These 5 Sustainably Minded Companies Are Setting New Standards for the Fashion and Beauty Industries

These innovative Global Vision Awards honorees create beautiful products that also help the planet.

Pair of photos, one showing a woman in an orange coat with a tan bag, and one showing a dark brown bag on a white chair
Reco’s Mini Didi bag makes smart use of leather scraps. Photo:

Neige Augusta Celeste/Courtesy of Reco

The Travel + Leisure Global Vision Awards aim to identify and honor companies, individuals, destinations, and organizations that are taking strides to develop more sustainable and responsible travel products, practices, and experiences. Not only are they demonstrating thought leadership and creative problem-solving; they are taking actionable, quantifiable steps to protect communities and environments around the world. What's more, they are inspiring their industry colleagues and travelers to do their part.

The fashion and beauty industries can get a bad rap for overconsumption and wastefulness, but these innovators prove that style and substance can absolutely coexist — and pave the way for a more sustainable future. As travelers consider how to spend their money, they’re filling their closets (and suitcases) with items that speak to their personalities and their values. Among this year’s mission-oriented honorees, you’ll find a skincare collection that minimizes wasteful packaging, an accessories line that makes smart use of would-be scrap materials, and a clothing line that outfits the whole family, supports fair wages along the supply chain, and regenerates resources used in the manufacturing process. These companies demonstrate that creative, conscientious thinking isn’t just good for business, but good for the planet. — T+L Editors

Three STELLA by Stella McCartney skincare products
Stella McCartney's cleanser, serum, and cream.

Courtesy of Stella by Stella McCartney

Stella by Stella McCartney

British fashion designer Stella McCartney championed sustainability long before it was a marketing buzzword, incorpo­rating organic textiles, vegan leather, and recycled fabrics into garments for the fashion label she founded in 2001.

Last year, she carried her earth-first ethos over to skin care with Stella by Stella McCartney, a collection that comprises a cleanser, a serum, and a cream. The formulas go beyond standard European regulations to exclude nearly 2,000 ingredients that McCartney and her team deemed unnecessary and potentially polluting, including silicones and sulfates. Cutting carbon emissions is also part of the brand; this means shipping by sea freight instead of air and offering minimally packaged refills that lower the products’ environ­mental impact. — Chadner Navarro

Three handbags sitting on mixed material chairs
Reco’s Mini Didi bags make smart use of leather scraps.

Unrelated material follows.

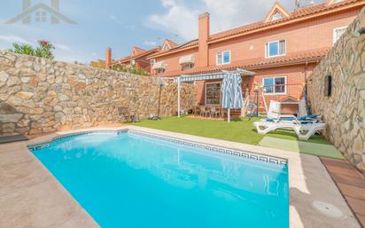 ¡HOGARES RIVAS BELLAVISTA VENDE! Chalet pareado con piscina y jardín en la mejor zona de Rivas Vaciamadrid, junto a la Avenida de Pilar Miró. Ponemos a la venta este magnífico chalet adosado situado en una de las zonas más demandadas y residenciales de Rivas Vaciamadrid. Tranquilidad, calidad de construcción, ubicación y comunicación con el resto de la ciudad es lo que le define. Rodeado de parques naturales y todo tipo de servicios como transporte, centros educativos, ocio y comercio. La casa cuenta con tres plantas y sótano: la planta baja se distribuye en un amplio recibidor por el que pasamos a la vivienda en la que podemos encontrar un aseo, amplia cocina, acceso al garaje y sótano y al salón comedor con una gran ampliación hacia la terraza con jardín, piscina de sal privada y zona de estar con pérgola y acceso directo al sótano. La primera planta consta de un baño completo, 2 habitaciones de muy buen tamaño y una habitación de matrimonio con gran baño en suite y jacuzzi. La segunda planta consta de una buhardilla habilitada para poder disfrutar con la familia de momentos de relax, ofreciendo amplitud y versatilidad para adaptarse a diferentes estilos de vida. En esta planta se pueden construir 2 HABITACIONES adicionales para familias numerosas. En la planta sótano nos encontramos dos dependencias individualizadas con buen tamaño para almacenaje o acomodar a cualquier gusto. Distribución y características: 3 habitaciones, todas exteriores, luminosas y con muy buenas dimensiones 2 baños completos, uno de ellos con jacuzzi y un aseo en la planta baja. Amplio salón comedor, muy luminoso y acogedor, con salida directa al jardín privado con pérgola y piscina. Además cuenta con una chimenea en cassette que da una gran elegancia a la estancia para poder disfrutar en los meses más fríos del año. Cocina independiente con zona de office, gran luminosidad y tamaño. La vivienda cuenta con todos los cerramientos Climalit con rotura de puente térmico, batientes y contraventanas correderas. Además el cerramiento del salón cuenta con aislamiento reforzado. La vivienda cuenta con aire acondicionado por conductos con bomba de frío-calor, calefacción por radiadores y termostatos distribuidos en todas las plantas. Jardín con piscina de sal, barbacoa, zona de sombra perfecta para relajarse y disfrutar de momentos en familia y amigos. Garaje en planta con muy buena capacidad. La vivienda se encuentra en excelente estado de conservación, lista para entrar a vivir sin necesidad de hacer reformas. Además de contar con varias reformas que le dan elegancia, calidad y durabilidad a la vivienda. Ubicada en una calle con acceso privado para los vecinos para mayor tranquilidad. Destacamos la posibilidad de financiación hasta el 100% gracias a FINANHOGAR, así como la opción de concertar una cita para visitarlo sin compromiso. ¡No dudes en visitar el que puede ser tu nuevo hogar! *Este anuncio no es vinculante, puede contener errores y esta sujeto a posibles modificaciones*

Neige Augusta Celeste/Courtesy of Reco


Fashion designer Bea Recoder is intimately familiar with the excessive, never-enough nature of her industry. “I realized how much waste we were generating,” says the Balenciaga and Chloé alum. “Entire collections get canceled, leading to time and money being wasted.”

During COVID lockdowns, Recoder launched her Paris-based handbag line Reco to champion a slow-fashion timeline. Recoder sources high-quality deadstock leather from the factories and tanneries used by labels like Bottega Veneta and Valentino. To make the most of the leftover leather, she uses a clever patchwork technique that doesn’t require enormous cuts of hide.

What started as a limitation has become Recoder’s trademark aesthetic. And to eschew over-consumerism, Recoder is not making new styles just for the sake of seasonal rollouts. “I only want to launch new things if they’re strong pieces and if they make sense,” she explains. She also tries to minimize packaging, using upcycled textiles for dust bags and doing away with plastic. “They seem like little details, but everything counts.” — C.N.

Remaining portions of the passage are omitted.